Выбрать главу

Мирушка покраснела, кажется, до корней волос.

Богодея по-доброму усмехнулась.

— Знаю, для мужа берегла — но своей жертвой ты всех спасти можешь. Через день, ближе к полночи, как взойдет за тучами полная луна, приду за тобой. К дубу пойдем.

Мирушка смогла только кивнуть. Горло перехватило что-то жуткое, поднимавшееся из глубины души.

* * *

С утра княжна пыталась вязать. Прясть израненными о камни склона пальцами было очень больно. Но петли путались, убегали, выходили неровными. Позорище. Мирушку колотило — от страха ли, от промозглого серого дождя, от ожидания, от безысходности?

От разочарования, что великая, как ей казалось, ведунья, может вот так врать?

Её тянуло на капище. К тому самому дубу. Хотелось увидеть, где все закончится. Может быть, понять что-нибудь?

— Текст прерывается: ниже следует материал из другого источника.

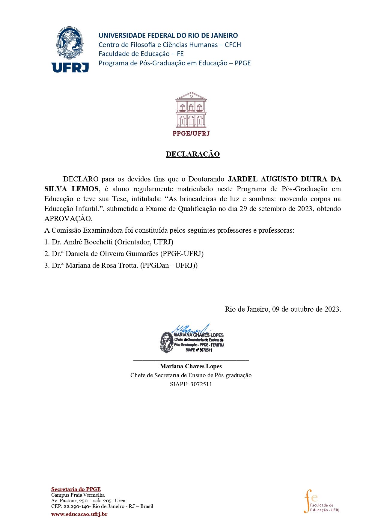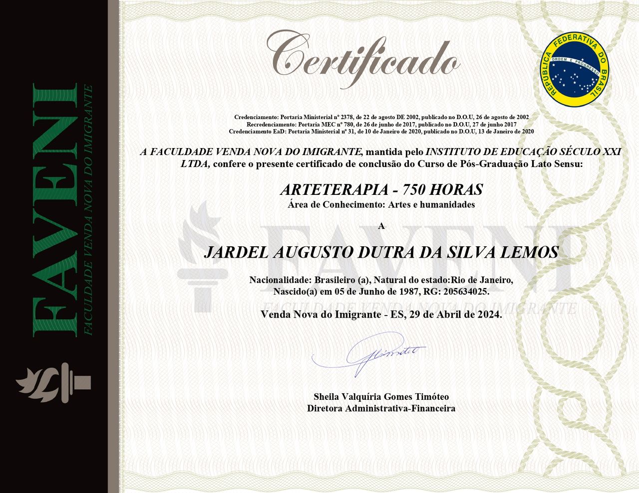 Membro Titular do Conselho Municipal de Cultura do Rio de Janeiro. Doutorando em Educação/UFRJ com ênfase na primeira infância. Mestre em Educação, Cultura e Comunicação/UERJ. Especialista em Saberes e Práticas na Educação Básica - Ênfase em Ensino Contemporâneo de Arte/UFRJ. Especialista em Arteterapia. Especialista em Gestão Escolar. Bacharel em Dança/UFRJ. Licenciado em Geografia/UERJ. Licenciando em Artes Visuais/Faveni. Foi supervisor Técnico e docente do curso de especialização em Design em Carnaval da Faculdade Censupeg. Docente nos cursos de Pós-Graduação Lato Sensu Dança Educacional e Artes Cênicas da Faculdade Censupeg. Docente de Dança Educação nas escolas de ensino formal Fórum Cultural (Niterói) para o segmento da Educação Infantil e docente de Artes na Escola Marista (Barra da Tijuca) nos segmentos da Educação Infantil e Fundamental I.Foi docente contratado da UERJ/FEBF no curso de Pedagogia, docente da Faculdade Aplicada de Teologia e Filosofia/FATEF, ministrando aulas para o curso Dança e Docente da Universidade Veiga de Almeida/Uva. Coreógrafo, bailarino e jurado do quesito Comissão de Frente do carnaval do Rio de Janeiro (17 anos de experiência incluindo grupos e regiões diferentes do país). Criador de vídeodanças, vídeo atividades e vídeo aulas para a primeira infância e fundamental I. Criador do vídeo documentário "Uma Vida de Dança em Companhia". Integrou companhias de dança como: Cia de Dança P24 (Cia subsidiada pelo Centro Coreográfico do Rio de Janeiro), Grupo Misto do Ateliê Coreográfico, Segmentos Cia de Dança, cia de Dança Contemporânea da UFRJ. Trabalhou com coreógrafos/diretores/carnavalescoas como Lilibeth Cuenca (Dinamarca), Gislayne Cavalcanti, Luciana Yegros, Regina Miranda, Fernando Bicudo. Paulo Barros, Laíla, Rubens Velloso, entre outros.Foi bolsista do Laboratório de Arte Educação/LAE-UFRJ (monitor da disciplina Introdução ao Estudo da Corporeidade); do Núcleo de Pesquisa em Dança de Salão do Departamento de Arte Corporal/DAC - UFRJ; e do Grupo de Pesquisas em Artes do Corpo/GPAC - UFRJ. Integrou como docente de dança os Projetos: Segundo Turno Cultural da Sec. Municipal de Cultura do RJ e Mais Educação da Sec. Municipal de Educação de Niterói/RJ. Esteve em cartaz com musicais como "A Febre do Samba" no Sesi/RJ (bailarino), "Volta ao Mundo", teatro AMF Unimed Fluminense (coreógrafo) e o espetáculo "Profanações" no Oi Futuro/RJ (bailarino). Foi professor e coreógrafo do projeto social "Grupo de Dança Cubango" onde coreografou o espetáculo "Teimosias da Imaginação" no teatro Municipal de Niterói.Foi responsável pela Direção Geral, produção e coreografias dos musicais infantis "A História das Coisas" em 2013, "O Grande Circo do Mundo" em 2014, "Era uma vez..." em 2015, " Maravilhas" em 2016, O Pequeno Grande Príncipe em 2017, Fórum Pelo Mundo em 2018, "Uma Tarde no Museu" em 2019, todos apresentados no teatro AMF Fluminense em Niterói/RJ. Recebeu o troféu Dodô da Portela de coreógrafo revelação e outras premiações como: Mérito da Liberdade Zumbi dos Palmares, pela Federação Brasileira dos Acadêmicos das Ciências, Letras e Artes e a Medalha Cultural - Belas Artes, Letras e Ciências, pela Academia Niteroiense de belas Artes - Letras e Ciências. Recebeu premiações de melhor comissão de frente do carnaval carioca. Atua principalmente nos seguintes temas: Musical infantil e comissão de frente/carnaval. Dança educação na educação infantil. Videodança, corpo e tecnologias e Arteterapia e crianças com TEA.

Княжна бросила клубок, накинула плащ и вышла под проливной дождь. Поскользнулась на раскисшей земле, еле удержалась на ногах, схватившись мгновенно отдавшимися болью пальцами за плетень, на котором в солнечные дни (где же они?) сушились горшки и постиранные рубахи. Сейчас склизкие от влаги прутья были пусты.

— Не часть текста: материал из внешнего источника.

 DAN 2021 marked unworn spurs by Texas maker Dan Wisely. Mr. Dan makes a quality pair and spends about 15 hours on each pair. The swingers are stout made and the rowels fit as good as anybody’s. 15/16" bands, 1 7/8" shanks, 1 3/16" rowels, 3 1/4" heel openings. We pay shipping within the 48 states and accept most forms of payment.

Проходя мимо дружинного дома на княжьем подворье, княжна зашагала чуть медленнее. Даже остановилась почистить сапожки от налипшей грязи — но того, кого она искала глазами, не высмотрела. Зайти внутрь Мирушка не решилась и пошла дальше, к разбухшей от ливней реке, мимо пристани, где скучали лодьи с убранными от дождя парусами, к капищу за излучиной.

Священный дуб много веков стоял здесь. Лес почти подобрался к нему, но на пару саженей вокруг, под тяжелой кроной, росла только трава. Несколько громадных елей вокруг поляны спорили древностью с дубом, но приношения всегда несли ему, на низкий, плоский камень-алтарь, испокон века лежащий у самого ствола.

Она присела на поваленную березу и замерла. Ливень снова усилился, в шорохе капель, казалось, можно услышать что-то важное…

— Мирушка, ты зачем тут мокнешь? Сначала по двору бродишь неприкаянно, теперь сюда забралась…

Она не заметила, как подошел Горазд. Немудрено — княжьи дружинники умели ходить бесшумно, если надо. А уж Горазд, большой мастак в лесных делах, и подавно.

— Я как тебя у дружинного дома увидел, сразу понял — меня высматриваешь. Вот и пошел за тобой. Что случилось, Мирушка?

Княжна с Гораздом вместе выросли. Он рано остался сиротой, рос при дружине, на княжьем дворе. Им было по пять зим, когда княжна с Горькой первый раз взялись за руки и убежали к колодцу, ловить лягушек. Теперь Горазд стал справным парнем, уже не отроком — гриднем! Усы скоро отрастит, вон, пробиваются уже, рыжие…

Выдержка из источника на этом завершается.